A January Overview

I, for one, am very thankful 2016 is behind us.  Don’t get me wrong, the capital markets finished the year with solid gains.  But, it was a year with volatility reemerging as the dominant theme.  Perhaps the year’s silver lining is economic activity accelerated the second half of 2016 in the US and abroad.  In fact, December US business surveys have risen to the highest levels since late 2014, which gives us hope for 2017.  

​We are expecting global growth to increase from 2.5% in 2016 to 2.9% in 2017.  As well, our outlook is skewed to more upside risks, including a more expansionary fiscal policy in major developed economies.  Additionally, we expect pickup in private investment as a result of improvements in sentiment and leading indicators.  As always, there’s a downside risk.  We feel the main risks lie in the potential for disruptive trade policy in the US, rising populism in Europe, and imbalances in China linked to rapidly rising debt and capital outflows.

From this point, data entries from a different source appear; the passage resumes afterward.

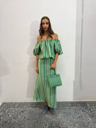 Para crear un total look muy versátil nos encanta acompañarlo con nuestra Falda Uma con su tejido a conjunto. Un look perfecto tanto para una ocasión especial con tacón y un sombrero divertido, como por separado para opciones más casual.
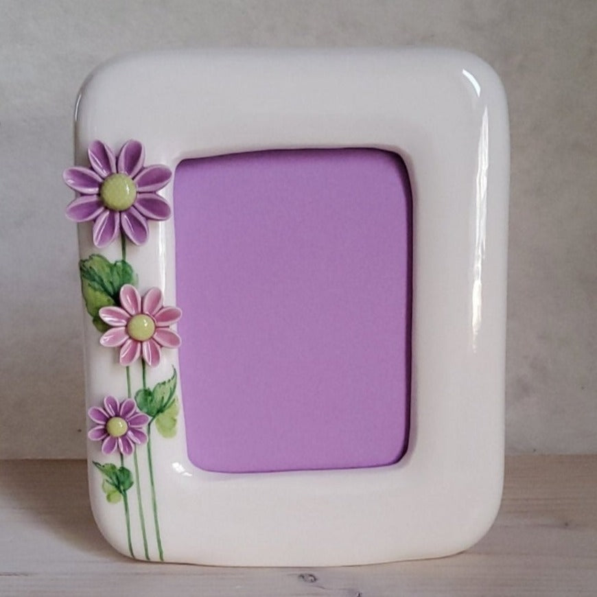 Portafoto con fiori colorati a tema lilla/rosa disponibile in varie misure.
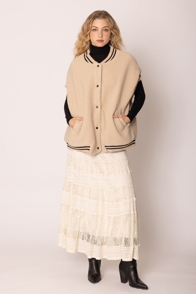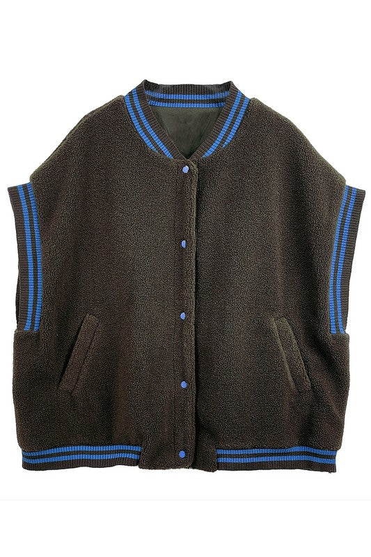 Elevate your casual layers with this oversized varsity-inspired poncho featuring front buttons, roomy pockets, and striped trim details. Cozy yet sporty, it's the perfect blend of comfort and cool for everyday wear or transitional weather styling.
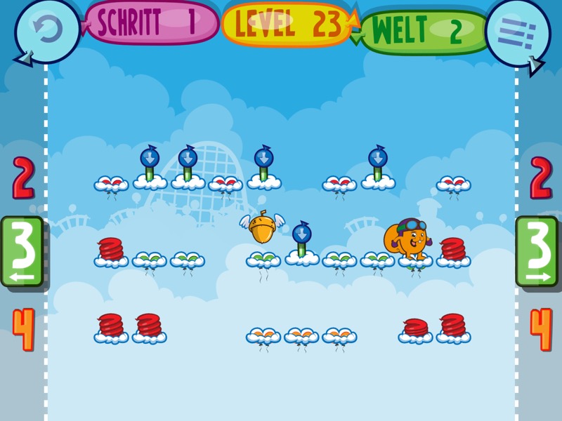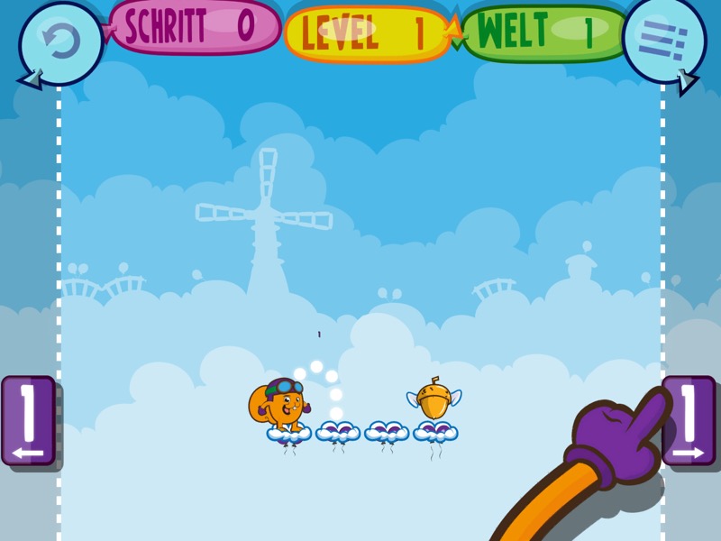 Wie viele Schritte Jake in eine Richtung macht, hängt davon ab, auf welcher Wolke er sich gerade befindet. Am Bildschirmrand wird jeweils angezeigt, wie viele Wolken Jake auf einmal überspringt. Manchmal ist es nur eine, manchmal zwei und ab und zu sogar drei oder vier auf einen Schlag. Das Ziel erreicht man nur dann auf dem kürzesten Weg, wenn man vorausschauend handelt und nicht den falschen Weg einschlägt.
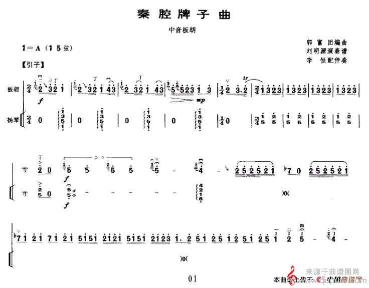 曲谱图网为您提供秦腔牌子曲(中音板胡+扬琴伴奏简谱曲谱)找谱子,就上曲谱图网。
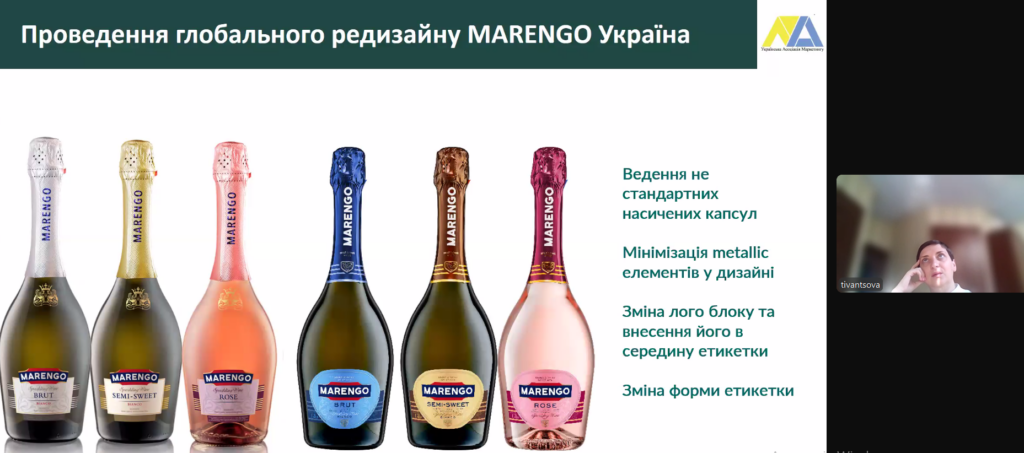 На вебінарі слухачі познайомилися з позиціонуванням бренду Маренго, рефомуванням портфеля ігристого, формуванням комунікаційної платформи та стратегії просування, а також результатами розвитку портфеля 2021-2024 років.
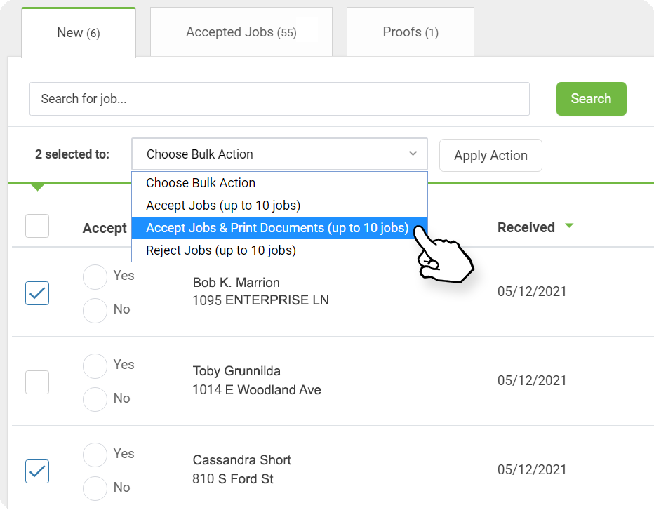 Once selecting one of those options, check up to 10 jobs you would like to accept or reject.  Lastly, select “Apply Action” to complete this task.
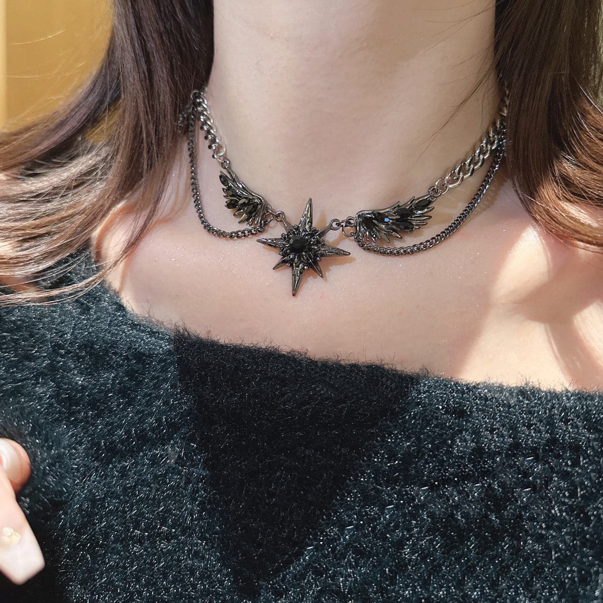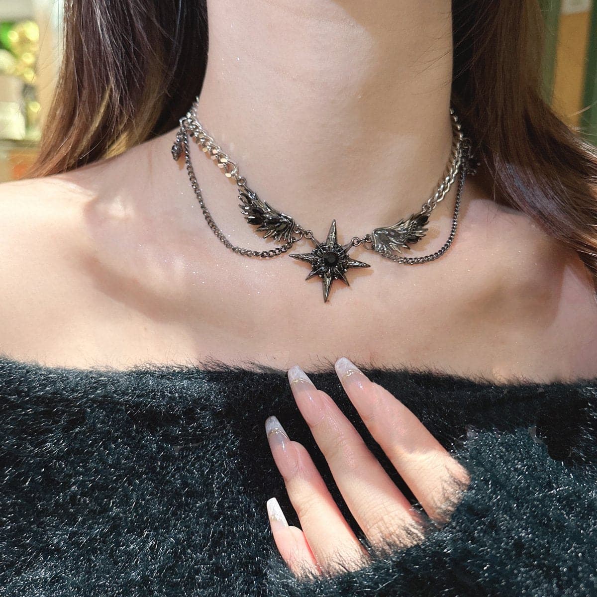 Eight awn star decor layered choker necklace

​The new administration will likely announce a package of infrastructure spending and tax reforms.  The growth impact is still a bit cloudy, as it depends on the composition and timing of the package, as well, as the multiplier effect within the US and global economies.

 One of the fundamental proxies we follow is market multiples.  Most market multiples became stretched toward the later part of 2016.  Typically, when markets trade “rich” the upside becomes pretty limited.  But, there are several reasons we believe that may not hold true in our current environment.  A few of them are:

  •  ​Risks are not one-sided, as there are several sources of potential upside surprise in the economy.
  •  ​Longer-term momentum signals are consistent with further upside.
  •  ​We see little evidence of equity market euphoria, a typical condition at market peaks.